Directions for this task:
Output the run of lines that opens with the first line of the material below and closes with the line containing "Abandon de déchets", both included, and drop the pictures.

Source records:
*-*-*

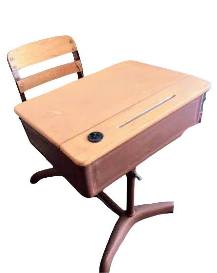 Description: A vintage school desk with attached chair. Use it to prop up a welcome vignette for a teacher's wedding. It's also a great prop for a school fundraiser, photo shoot, film or home staging project.
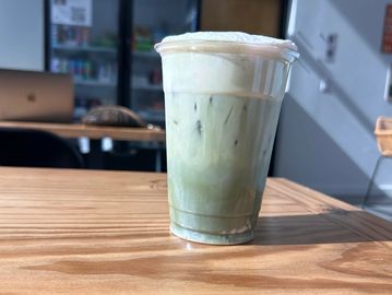 Made with ceremonial grade matcha powder, oat milk, honey, and topped with a delicious strawberry cold foam.
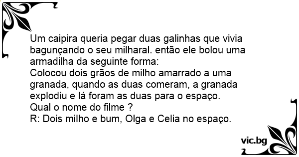 Um caipira queria pegar duas galinhas que vivia bagunçando o seu milharal. então ele bolou uma armadilha da seguinte forma:
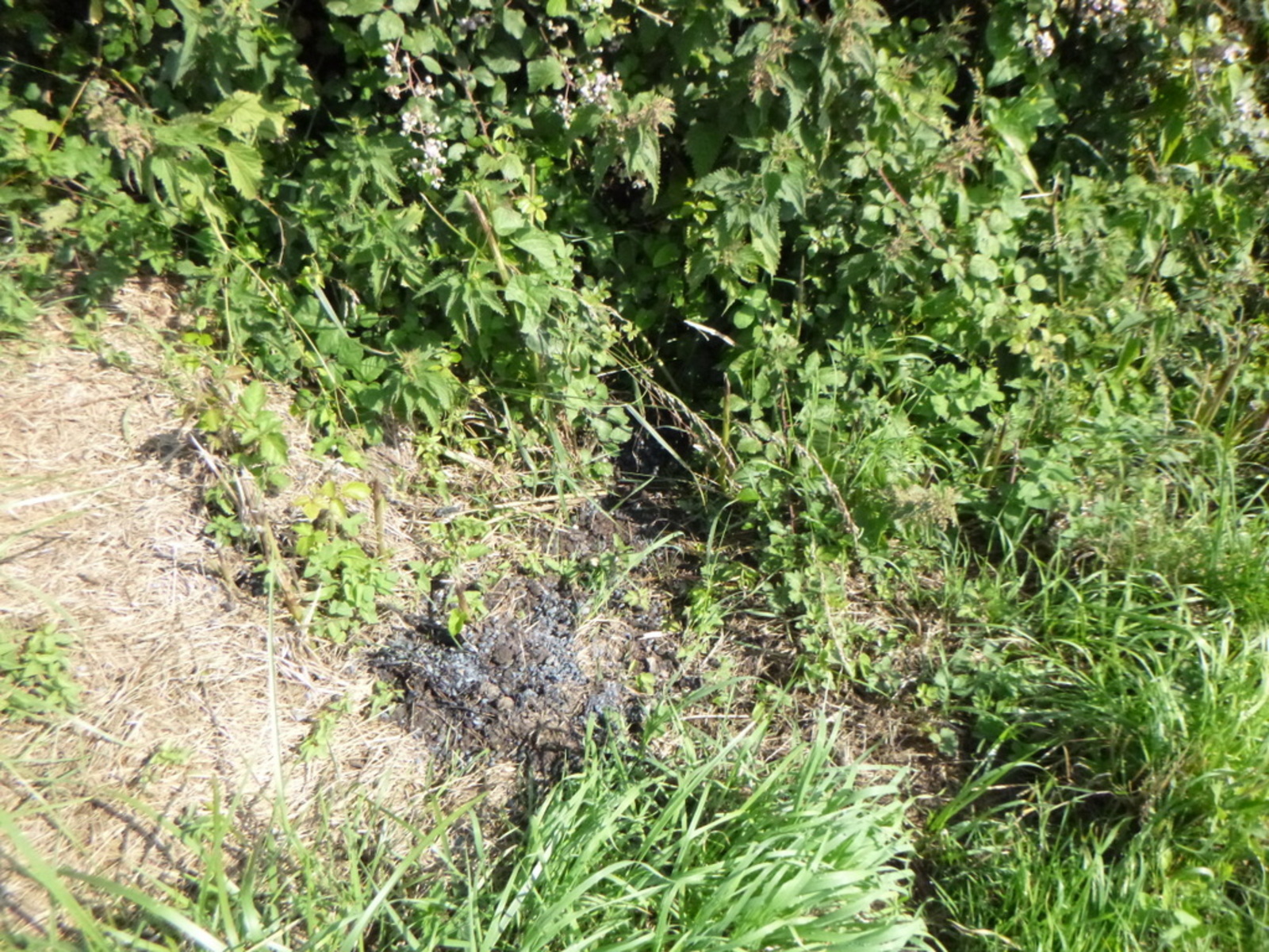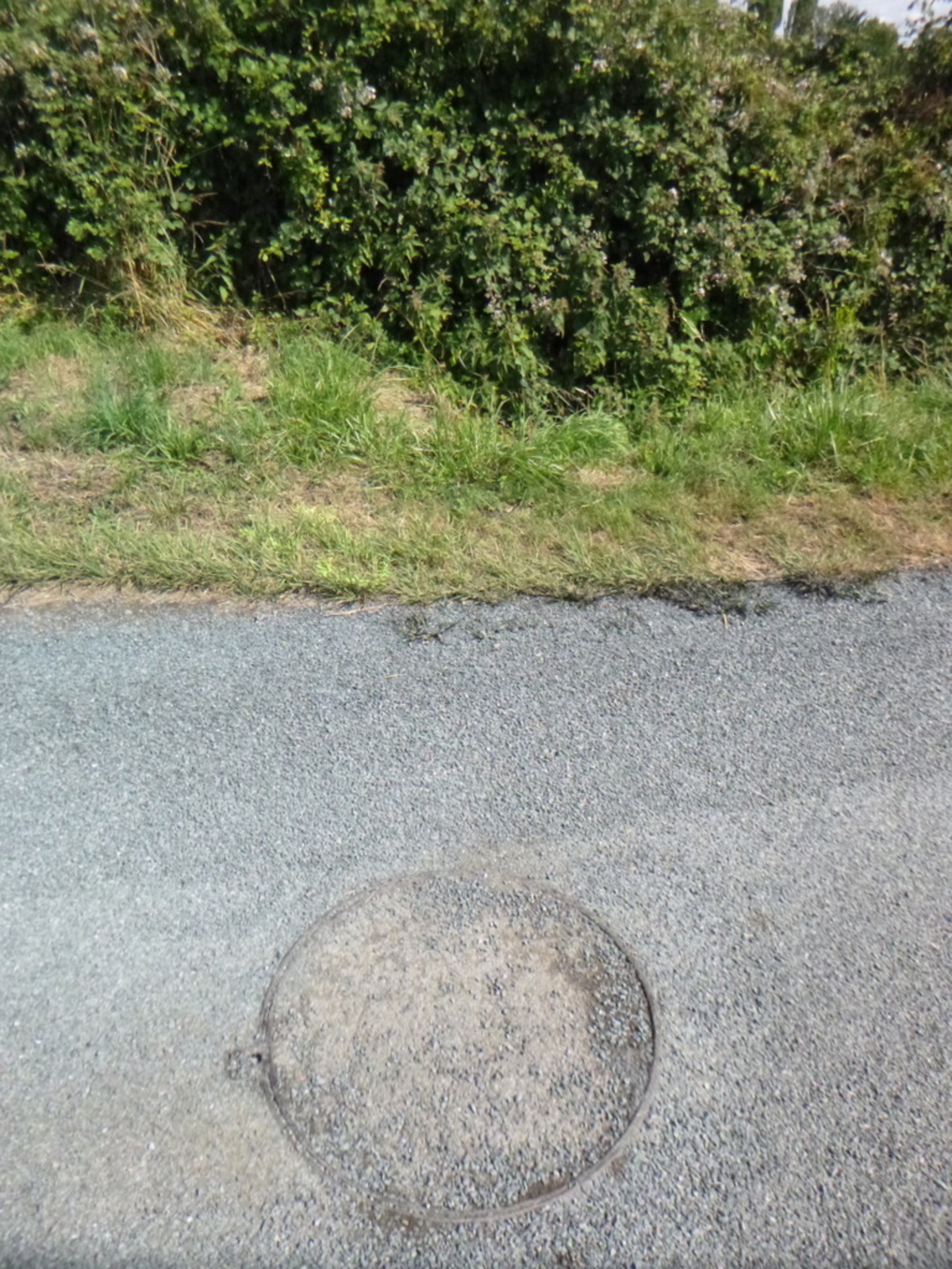 Abandon de déchets dans le cadre de la réfection de la chaussée de la route départementale 99. Les déchets accumulés sur différents regards situés sur la chaussée ont été raclés et déposés directement sur le bas côté, dans la végétation. On y trouve notamment des gravillons et du bitume.
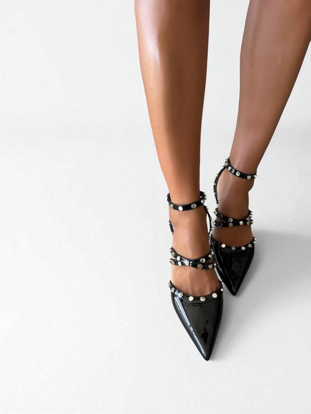 O design com bico fino e tiras finas cruzadas sobre os pés proporciona um ajuste perfeito, enquanto a tira fina ao redor do tornozelo, com fechamento por fivela ajustável, garante segurança e estilo. As aplicações de tachas douradas no cabedal acrescentam um toque sofisticado ao look.
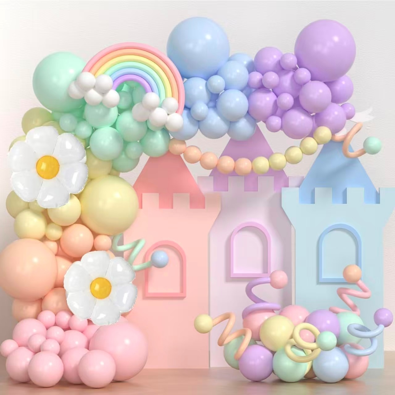Макаронның түрлі-түсті шарлары Гарланд аркасы жұмсақ және армандаған түстері үшін танымал. Бүкіл жиынтық макаронның 12 түстеріне арналған. Оның макароны қызыл, макарон көк, макарон күлгін және басқа түстер бар. Әр түс жаңа және романтикалық көріністі әкеледі.
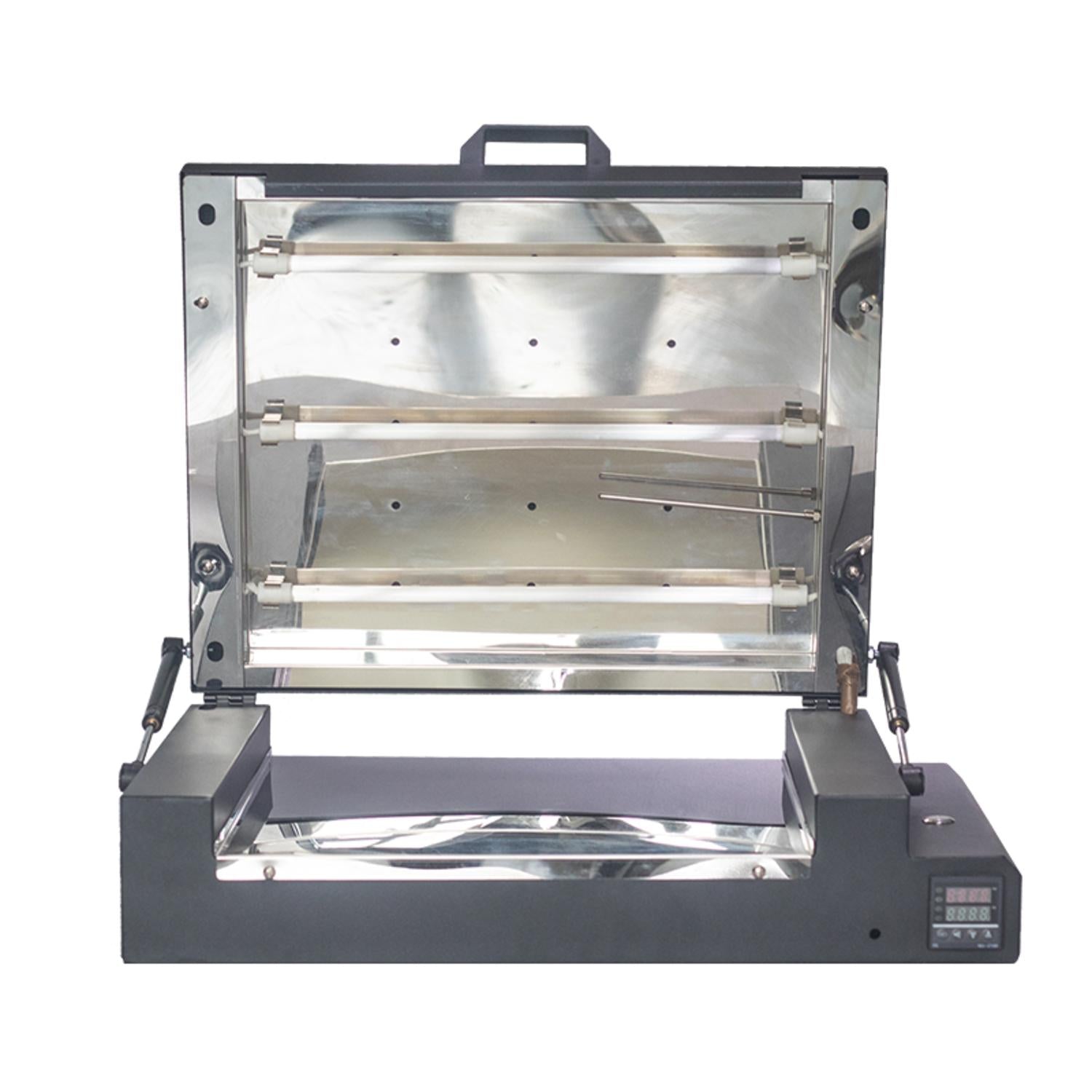 3. Coloque la película de PET en la máquina de transferencia de calor y hornea durante 5-7 minutos, hasta que el polvo termofusible se derrita, saque la película de PET.
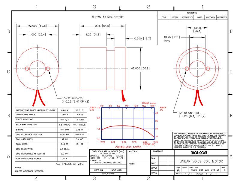 | Metric Model # | Stroke | Continuous Force | Intermittent Force @ 10% Duty Cycle | Housing Length | Through Hole Dia. | |||||
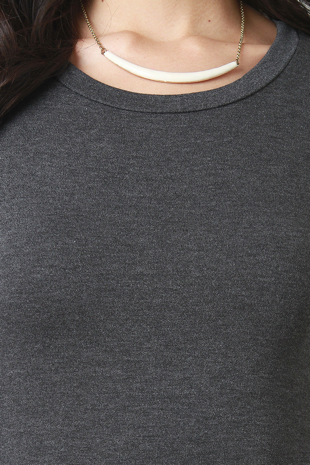 This jersey knit dress features a round neckline, long sleeves, diagonal asymmetrical hemline, and stretchy fit. Accessories sold separately. Made in U.S.A. 98% Rayon, 5% Spandex.
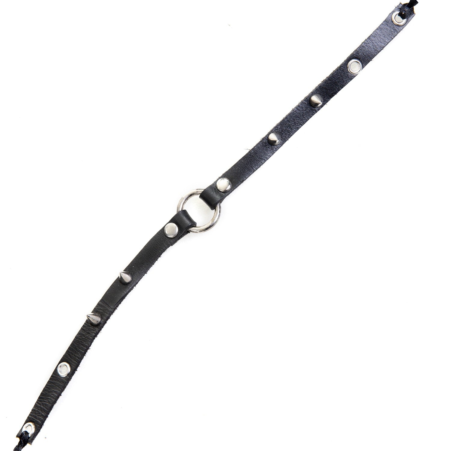 Gargantilla negra de Cuero vacuno con una anilla y pinchos.

*-*-*

Output for this task:
 Description: A vintage school desk with attached chair. Use it to prop up a welcome vignette for a teacher's wedding. It's also a great prop for a school fundraiser, photo shoot, film or home staging project.
 Made with ceremonial grade matcha powder, oat milk, honey, and topped with a delicious strawberry cold foam.
 Um caipira queria pegar duas galinhas que vivia bagunçando o seu milharal. então ele bolou uma armadilha da seguinte forma:
 Abandon de déchets dans le cadre de la réfection de la chaussée de la route départementale 99. Les déchets accumulés sur différents regards situés sur la chaussée ont été raclés et déposés directement sur le bas côté, dans la végétation. On y trouve notamment des gravillons et du bitume.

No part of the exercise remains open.